**What needs to be done:** Your copy of the listing must be exact and must hold no images.

**Data block:**
*** Block opens ***
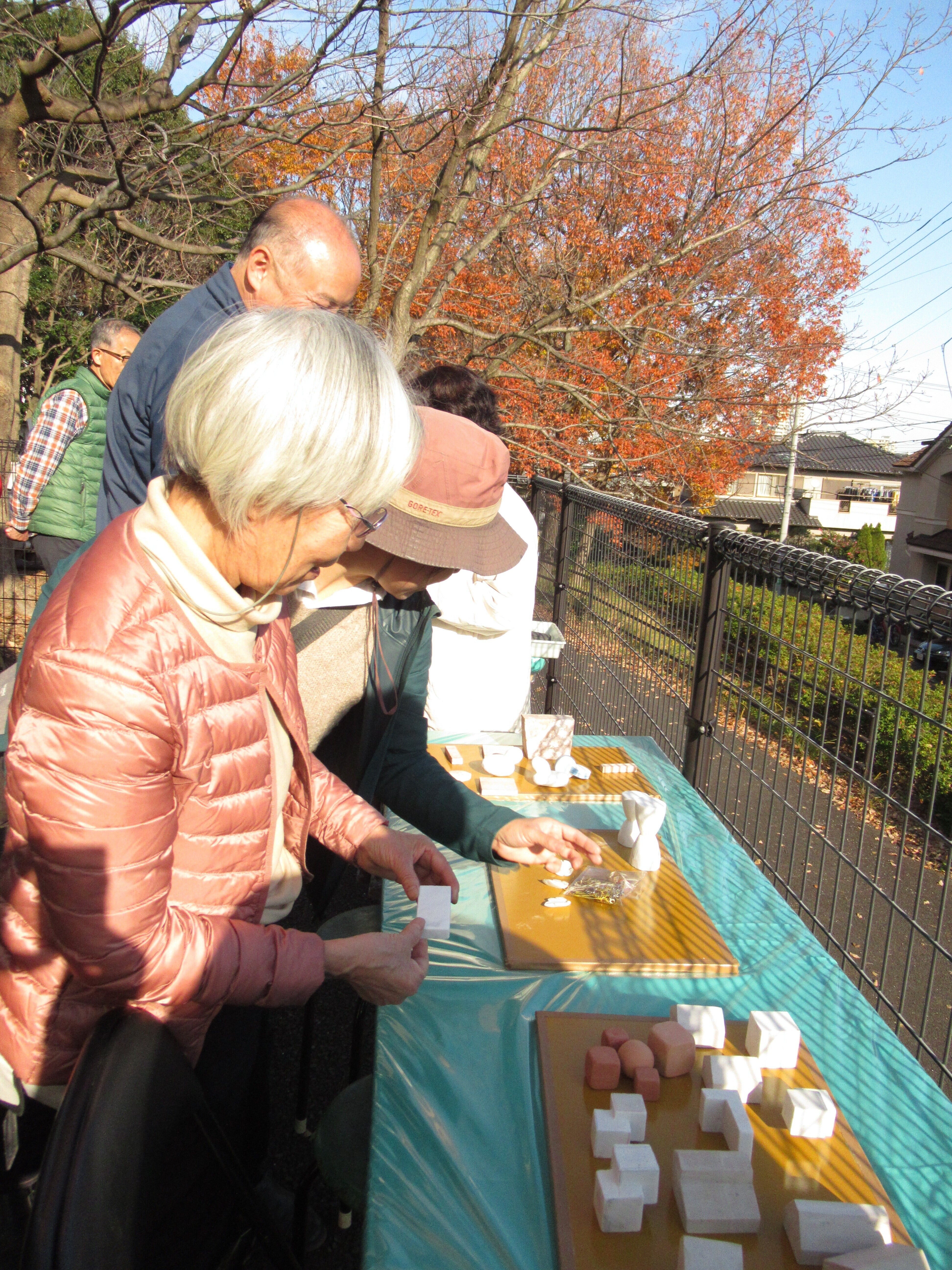 少し寒いけど、紅葉を見ながら外での開催!日差しを感じながら、石との対峙の時間の始まりです。
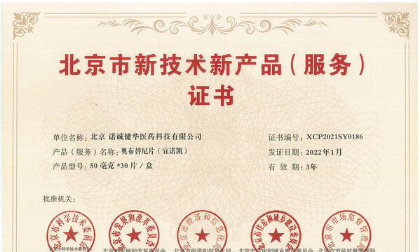 北京2022年2月7日 /新闻稿网 - Xinwengao.com/ — 生物医药高科技公司诺诚健华(香港联交所代码:09969)今天宣布,凭借在技术先进性、创新性、潜在经济效益和较大市场前景等方面的核心优势,国家“重大新药创制”专项成果奥布替尼片(宜诺凯)通过北京市五大政府部门权威认定,荣获“北京市新技术新产品(服务)证书”。
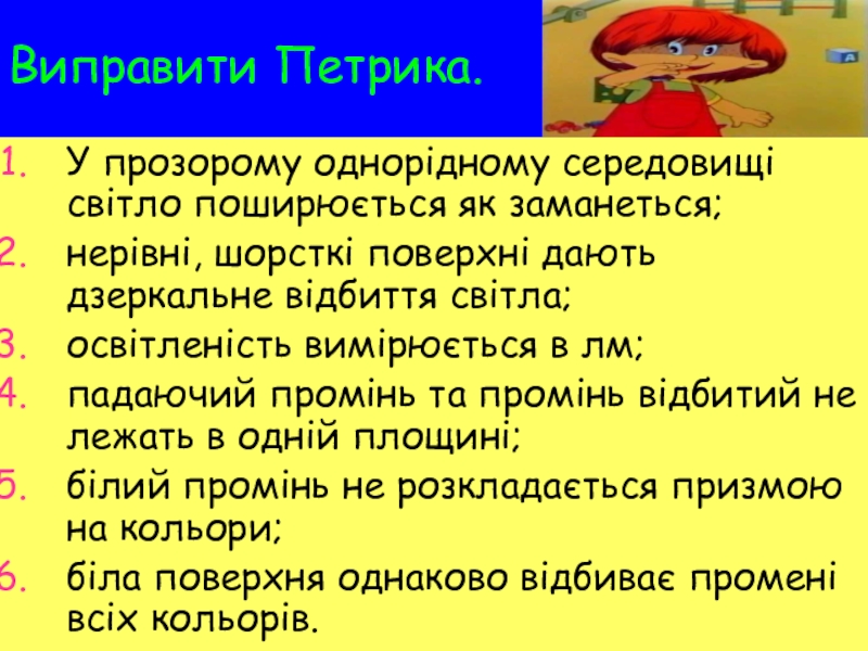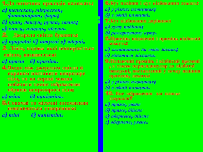9.Падаючий промінь і відбитий промені , а також перпендикуляр до відбитої поверхні, поставлений у точку падіння променя, лежать:
*** Block closes ***
**Output:**
 少し寒いけど、紅葉を見ながら外での開催!日差しを感じながら、石との対峙の時間の始まりです。
 北京2022年2月7日 /新闻稿网 - Xinwengao.com/ — 生物医药高科技公司诺诚健华(香港联交所代码:09969)今天宣布,凭借在技术先进性、创新性、潜在经济效益和较大市场前景等方面的核心优势,国家“重大新药创制”专项成果奥布替尼片(宜诺凯)通过北京市五大政府部门权威认定,荣获“北京市新技术新产品(服务)证书”。
9.Падаючий промінь і відбитий промені , а також перпендикуляр до відбитої поверхні, поставлений у точку падіння променя, лежать:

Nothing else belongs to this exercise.